How to solve the equation $x^2+2=4\sqrt{x^3+1}$?

Question

From the Leningrad Mathematical Olympiad, 1975:

Solve $x^2+2=4\sqrt{x^3+1}$.

In answer sheet only written $x=4+2\sqrt{3}\pm \sqrt{34+20\sqrt{3}}$.

How to solve this?

Answer 1

I think the "fastest" way to deal with this is surely to square both members, to get

$$x^4 -16x^3 +4x^2 - 12 = 0$$

Now you can treat is as the quartic equation it is, via Ferrari's method for quartic equations.

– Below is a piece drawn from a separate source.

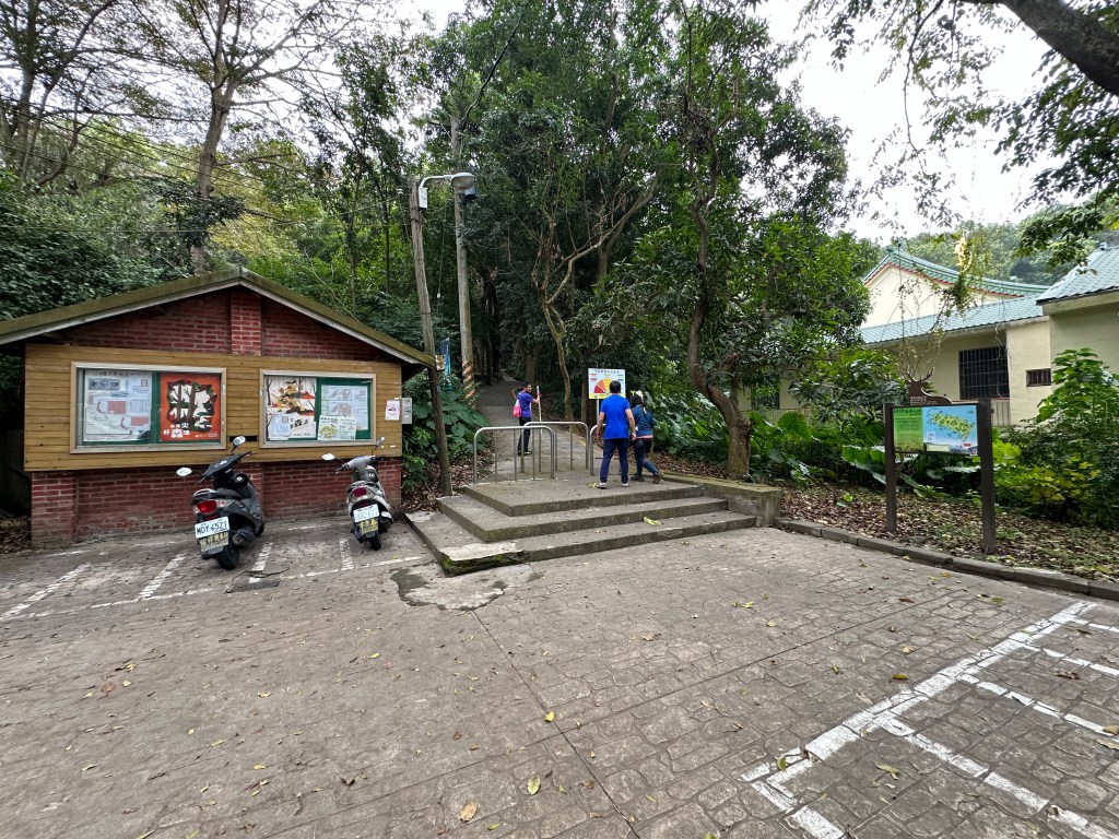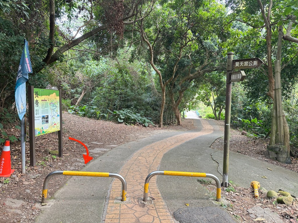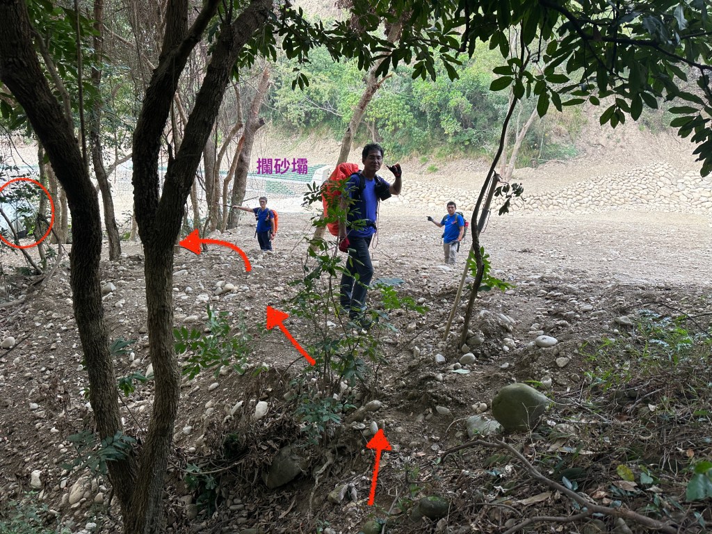 繼續沿著哭坡陡下且穿越攔砂壩接回自行車道約1.37K處,繼續走到1.4K時這裡就是大小劍登山口!這是已經是下午4點,此時在登山口恰巧遇到一隊登山隊伍,笑說我們是要上去賞夜景的吧?哈,應該也是啦!

I will write you down the general procedure for a quartic of the form

$$ax^4 + bx^3 + cx^2 + dx + e = 0$$

And leave you the easy maths behind.

Define the following quantities

$$P = 8ac - 3b^2$$

$$Q = b^3 + 8da - 4abc$$

$$R = c^2 - 3bd + 12 ae$$

$$S = 64a^3e - 16a^2c^2 + 16ab^2c - 16 a^2bd - 3b^4$$

Define other elements

$$U = \frac{P}{8a^2}$$

$$V = \frac{Q}{8a^3}$$

$$Y = 2c^3 - 9bcd + 27b^2e - 27ad^2 - 27ace$$

$$Z = \sqrt[3]{\frac{Y + \sqrt{Y^2 - 4R^2}}{2}}$$

$$W = \frac{1}{2} \sqrt{-\frac{2U}{3} + \frac{1}{3a} \left( Z + \frac{R}{Z}\right) }$$

Final Solutions (note: only two of them will be real, in your case)

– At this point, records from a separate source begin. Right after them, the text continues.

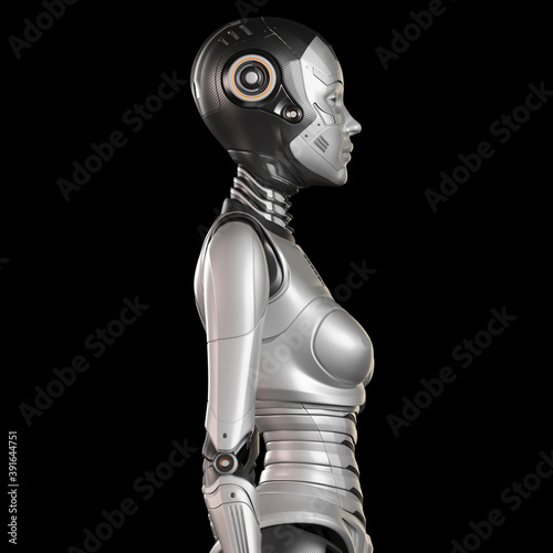 3d render of a very detailed robot woman or futuristic girl, side view of the upper body isolated on black background
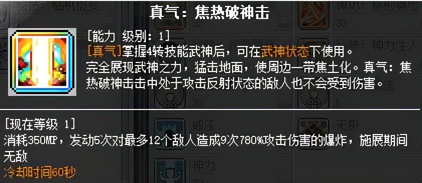 焦热破神击是集伤害与短无敌于一身的技能,虽然技能说明最多攻击12个敌人,但是有5次,是可以分开计算的,完全可以做到清屏。同时45段的780%伤害还具有五转核心可以加成,算得上是一个小的爆发技能;再加上有短暂的无敌时间,可以说是一个神技。遗憾的是,这个技能没有办法使用内在的消除重置cd,但是吃超越符文的cd缩减。
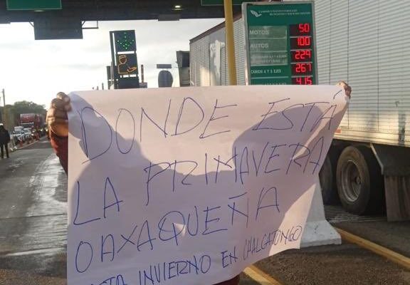 Desde muy temprano, pobladores de Chalcatongo de Hidalgo tomaron la caseta de Huitzo. Exigen atención del gobierno de Salomón Jara.

$$x_{1,\ 2} = -\frac{b}{4a} - W \pm \sqrt{-4W^2 - 2U + \frac{V}{W}}$$

$$x_{3,\ 4} = -\frac{b}{4a} + W \pm \sqrt{-4W^2 - 2U - \frac{V}{W}}$$

NOTICE In your case $\color{red}{d = 0}$ which simplifies a bit the resolvent.

Answer 2

Let $u = x^2-x+1$, $v = x+1$ and $\lambda = \sqrt{\frac{u}{v}}$, we have

$$\begin{align}u + v & = (x^2-x+1) + (x + 1) = x^2 + 2 \\ &= 4\sqrt{x^3+1} = 4\sqrt{(x+1)(x^2-x+1)}\\ &= 4\sqrt{uv}\end{align}$$ This leads to

$$\lambda^2 + 1 = 4\lambda \implies \lambda = 2 \color{red}{\pm} \sqrt{3}$$ As a result, $$\begin{align} &x^2 - x + 1 = \lambda^2 (x+1) = (7\color{red}{\pm} 4\sqrt{3})(x+1)\\ \iff & x^2 - (8 \color{red}{\pm} 4\sqrt{3})x = (6\color{red}{\pm} 4\sqrt{3})\\ \iff & (x - (4 \color{red}{\pm} 2\sqrt{3}))^2 = (4 \color{red}{\pm} 2\sqrt{3})^2 + (6 \color{red}{\pm} 4\sqrt{3}) = 34 \color{red}{\pm} 20\sqrt{3}\\ \implies & x = 4 \color{red}{\pm} 2\sqrt{3} \color{blue}{\pm} \sqrt{34 \color{red}{\pm} 20\sqrt{3}} \end{align}$$ Notice $34-20\sqrt{3} \approx -0.651 < 0$. For real $x$, the red $\color{red}{\pm}$ sign need to be $+$. This leaves us with

$$x = 4 + 2\sqrt{3} \color{blue}{\pm} \sqrt{34 + 20\sqrt{3}}$$

Answer 3

HINT.-The given answer is root of the quadratic equation $$x^2-2(4+2\sqrt3)x+c=0$$ where $c$ is certain constant. It follows $$x=4+2\sqrt3\pm\sqrt{{(4+2\sqrt3)^2-c}}=4+2\sqrt3\pm\sqrt{34+20\sqrt3}$$ You get so the value of $c$ from which you can verify the solution.